Barberries (Berberis spp.) are a large group of shrubs found growing wild throughout the temperate climates of the world. Several are used as landscaping plants and are known for their colorful fruits and foliage and minimal maintenance requirements.
Barberry bushes have narrow, oval leaves that are usually about 1/2 to one inch long in colors ranging from green to bluish to dark purple. The 1/2-inch berries are bright red and persist well into winter providing decoration for the garden and food for wildlife. Compared to the berries and foliage, the yellow flowers in spring are not very showy, but are a brief treat before they fade.
Barberries are also known for their sharp thorns, which can be a drawback in some situations, though it can also be an asset if they are used as an intentional barrier along the property line. Their height varies from two to eight feet.
|Scientific name||Berberis spp.|
|Planting month||Year round|
|Uses||Bonsai, hedging, landscaping, edible|
|Leaf||Narrow, oval, half to two inch, green to purple in color|
|Flower||Two to four in a cluster, small, not showy, yellow in color|
|Fruit||Berries, cherry red in color|
|Light Requirement||Full sun to partial shade|
|Soil Requirement||Acidic and can tolerate extreme conditions|
|Soil salt Tolarance||High|
Barberries prefer sun or partial shade.
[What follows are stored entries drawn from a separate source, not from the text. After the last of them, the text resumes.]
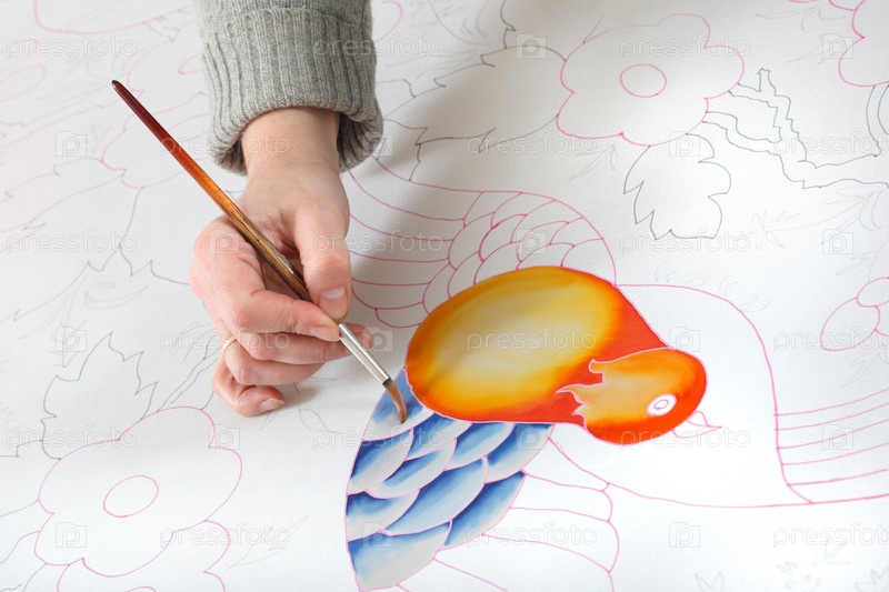 Человек расписывает ткань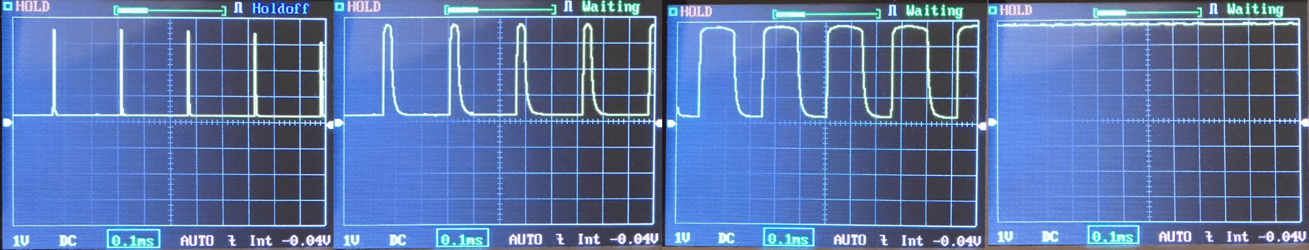 Then there’s the Ultrafire WF-602C flashlight, which has some of the worst PWM I’ve seen. It’s so bad that I used a post about it to explain PWM! Here are multiple timescales (10ms, 5ms, 2ms, 1ms, 0.5ms, 0.2ms) to make comparing this “worst” PWM light to the test light easier. That post also explains why I didn’t test the WF-602C at the usual 50us scale.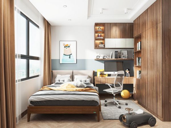 小户型想要将卧室空间最大化利用,还可以利用转角空间,打造一体式榻榻米,书桌、衣柜、榻榻米三位一体,不浪费每一寸空间,而且空间整体风格也能保持一致,实用和美观兼备~

They are tolerant of most soil types and can withstand dry conditions. However, they should be irrigated regularly in the first two years after planting to ensure good root establishment.
Barberries are essentially hedge plants, whether as a border, barrier, foundation planting or in a woodland garden.
Planting and Care
Barberries are commonly found in nurseries throughout the country and should be planted in spring or fall as transplants.
Modern barberry cultivars tend to maintain an attractive rounded shape with little to no pruning, but they can be cut back severely in fall to control their size if necessary. They are also quite attractive when sheared into a formal hedge.
Pests and disease are generally not a problem with barberry, though sucking insects like scale and aphids occasionally appear, as do fungal diseases like powdery mildew.
Barberry fruit is edible and has a long history of medicinal use. The berries have a sharp acidic flavor when raw, so they are typically processed in jams and jellies. For medicine, the root bark is the primary portion of the plant that is used; it contains a compound known as berberine that has potential for use in cancer prevention, to treat some digestion issues, and for various other ailments.
Plants grown for ornamental purposes are not typically harvested for medicine since disturbing the roots has an adverse effect on the growth of the plant.
Barberries are hardy in USDA zones 3 to 9.
- 'Crimson Pygmy' is a dwarf variety that grows just two feet tall and three feet wide and is known for its deep purple-red color.
- 'Rose Glow' grows six feet tall and wide and has leaves that emerge pink and then become purple-red over the course of the growing season.
- 'Aurea' has chartreuse leaves and grows about five feet tall and wide.
In the New England area, the Berberis thunbergii (Japanese barberry) species is considered invasive. Plant with caution; it's even been banned in some areas.
Barberries are very throny so they are best enjoyed from a distance. They are one of the most versatile foliage plants -- try combining the different colored forms for a striking contrast.